The expected output is exactly the lines below, starting at the line with "Estas alfombras kilim" and ending at the line with "Стенка Николь-2 белый/бетонный камень(Зарон)", both included; no other line belongs in it.
DATA TO PROCESS START
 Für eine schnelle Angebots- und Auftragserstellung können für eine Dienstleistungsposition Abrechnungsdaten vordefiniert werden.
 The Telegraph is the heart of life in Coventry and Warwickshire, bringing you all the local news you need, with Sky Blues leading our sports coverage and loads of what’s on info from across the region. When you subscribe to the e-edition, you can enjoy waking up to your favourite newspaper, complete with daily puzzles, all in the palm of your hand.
DATA TO PROCESS END
DATA TO PROCESS START
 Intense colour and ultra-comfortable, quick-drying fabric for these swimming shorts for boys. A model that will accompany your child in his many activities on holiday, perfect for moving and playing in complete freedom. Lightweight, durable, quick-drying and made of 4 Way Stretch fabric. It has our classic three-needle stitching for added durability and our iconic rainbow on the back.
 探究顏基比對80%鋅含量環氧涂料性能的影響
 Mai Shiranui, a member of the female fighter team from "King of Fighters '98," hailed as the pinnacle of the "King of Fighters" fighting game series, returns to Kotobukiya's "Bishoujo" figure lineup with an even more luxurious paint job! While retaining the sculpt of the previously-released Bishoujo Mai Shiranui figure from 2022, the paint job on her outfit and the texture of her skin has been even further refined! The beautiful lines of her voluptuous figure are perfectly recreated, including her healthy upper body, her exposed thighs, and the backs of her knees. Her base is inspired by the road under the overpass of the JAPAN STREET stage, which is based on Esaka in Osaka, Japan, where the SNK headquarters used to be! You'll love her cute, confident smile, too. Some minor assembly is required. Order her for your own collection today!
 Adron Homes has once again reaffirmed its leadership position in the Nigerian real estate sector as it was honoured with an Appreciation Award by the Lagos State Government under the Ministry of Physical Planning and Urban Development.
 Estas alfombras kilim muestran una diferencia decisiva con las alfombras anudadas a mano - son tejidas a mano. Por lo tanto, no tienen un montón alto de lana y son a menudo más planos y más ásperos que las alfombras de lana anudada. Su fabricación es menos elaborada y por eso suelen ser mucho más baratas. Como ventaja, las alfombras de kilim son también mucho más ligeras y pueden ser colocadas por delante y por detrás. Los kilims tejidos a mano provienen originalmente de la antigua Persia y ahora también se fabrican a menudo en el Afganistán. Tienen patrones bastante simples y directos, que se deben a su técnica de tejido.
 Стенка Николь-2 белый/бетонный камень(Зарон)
DATA TO PROCESS END
DATA TO PROCESS START
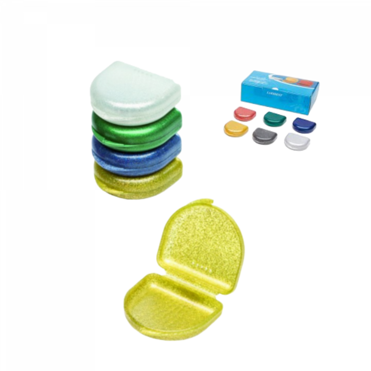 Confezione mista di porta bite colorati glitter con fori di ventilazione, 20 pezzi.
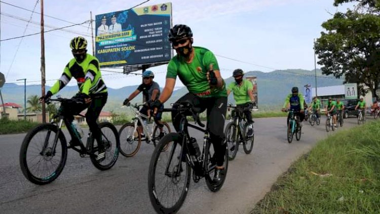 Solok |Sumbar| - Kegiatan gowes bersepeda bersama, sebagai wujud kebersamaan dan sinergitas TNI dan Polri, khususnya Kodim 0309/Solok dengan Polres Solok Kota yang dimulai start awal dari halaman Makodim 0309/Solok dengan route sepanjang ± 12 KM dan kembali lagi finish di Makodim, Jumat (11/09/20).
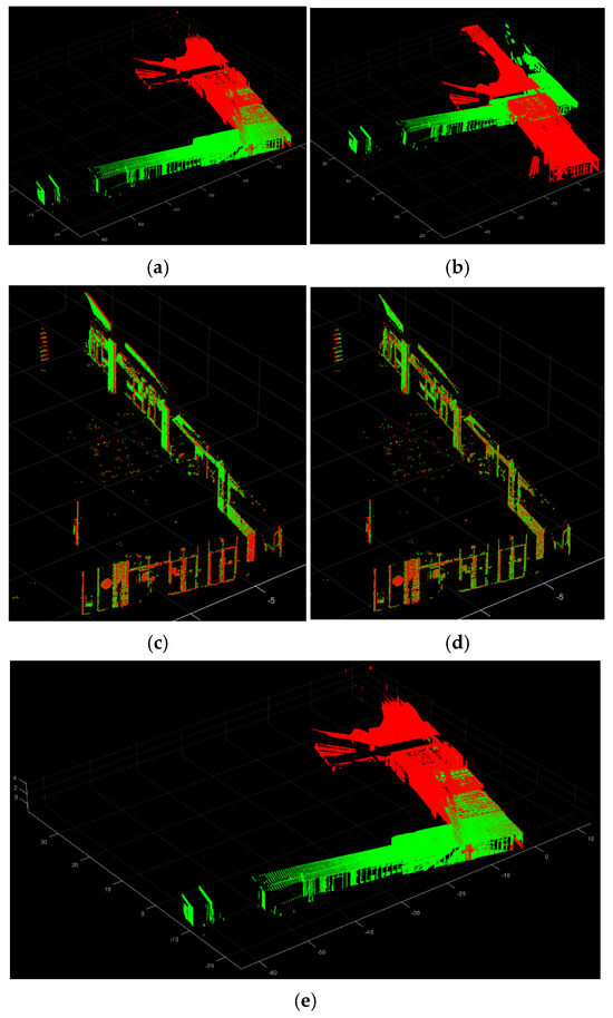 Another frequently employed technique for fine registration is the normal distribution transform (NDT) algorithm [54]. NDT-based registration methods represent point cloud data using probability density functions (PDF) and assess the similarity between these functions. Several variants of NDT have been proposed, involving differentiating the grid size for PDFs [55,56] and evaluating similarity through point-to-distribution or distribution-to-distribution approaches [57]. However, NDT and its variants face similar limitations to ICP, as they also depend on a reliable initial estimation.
DATA TO PROCESS END
# RESULT
 Estas alfombras kilim muestran una diferencia decisiva con las alfombras anudadas a mano - son tejidas a mano. Por lo tanto, no tienen un montón alto de lana y son a menudo más planos y más ásperos que las alfombras de lana anudada. Su fabricación es menos elaborada y por eso suelen ser mucho más baratas. Como ventaja, las alfombras de kilim son también mucho más ligeras y pueden ser colocadas por delante y por detrás. Los kilims tejidos a mano provienen originalmente de la antigua Persia y ahora también se fabrican a menudo en el Afganistán. Tienen patrones bastante simples y directos, que se deben a su técnica de tejido.
 Стенка Николь-2 белый/бетонный камень(Зарон)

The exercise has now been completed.